2013-03-28 Thread Philippe Ombredanne
On Tue, Mar 26, 2013 at 11:08 AM, Paul Moore  wrote:
> On 26 March 2013 09:49, Philippe Ombredanne  wrote:
>> Would anyone know of a better way to package things in a single
>> python-executable bootstrapping script file without obfuscating the
>> source contents in compressed/encoded/obfuscated byte arrays?
>
> Packaging as a zip file is a good way - but on Windows the file needs
> to be named xxx.py (which is surprising, to say the least :-)) for the
> relevant file association to be triggered (and on Unix, a #! line
> needs to be prepended).
Paul:
I was not talking about this type of zips, but rather the same used in
virtualenv, i.e. a string in a .py file that contains an encoded zip.
That string is then decoded and unzipped at runtime as in here:
https://github.com/pypa/virtualenv/blob/develop/virtualenv.py#L1933

This is not a zip, not an egg, not a wheel but some egg-in-py,
zip-in-py or wheel-in-py and is similar to a shar shell archive.

My point was that on the one hand, I like the fact that everything is
self contained in one single .py file that you can execute right away.
On the other hand, I find it somewhat discomforting as an emerging
best way to package and distribute self-contained bootstrap scripts.
Yet I cannot think of a better way atm: for instance splitting things
in non-encoded non-binary plain strings would be quite weird too.

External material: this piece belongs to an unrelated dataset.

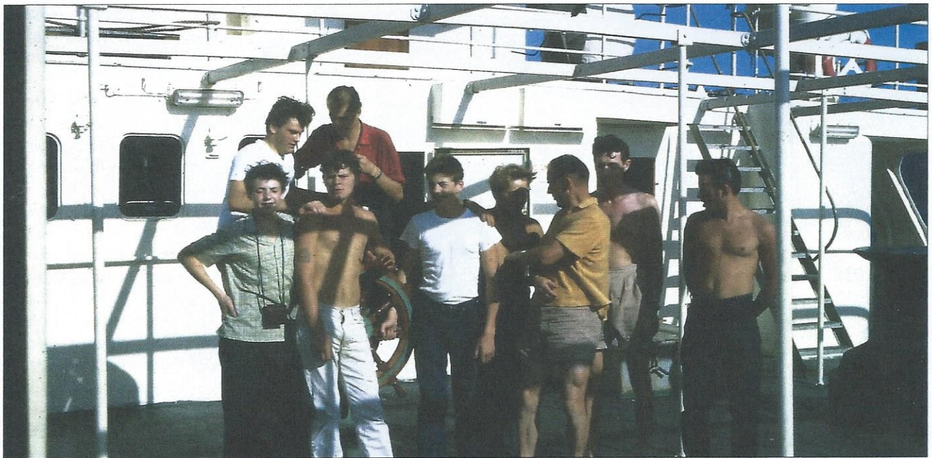
Noen av mannskapet på Texaco Skandinavias første reise.

Virtualenv does it, distil is doing it now, pip tried some of it here
https://github.com/pypa/pip/blob/develop/contrib/get-pip.py
In contrast, buildout, distribute and setuptools bootstrap scripts do
not embed their dependencies and either try to get them satisfied
locally or attempt to download the requirements.
Having some support to do self-contained  bootstrap scripts (as in
requiring no network access and embedding all their dependencies)
using this shar style could be something to consider normalizing?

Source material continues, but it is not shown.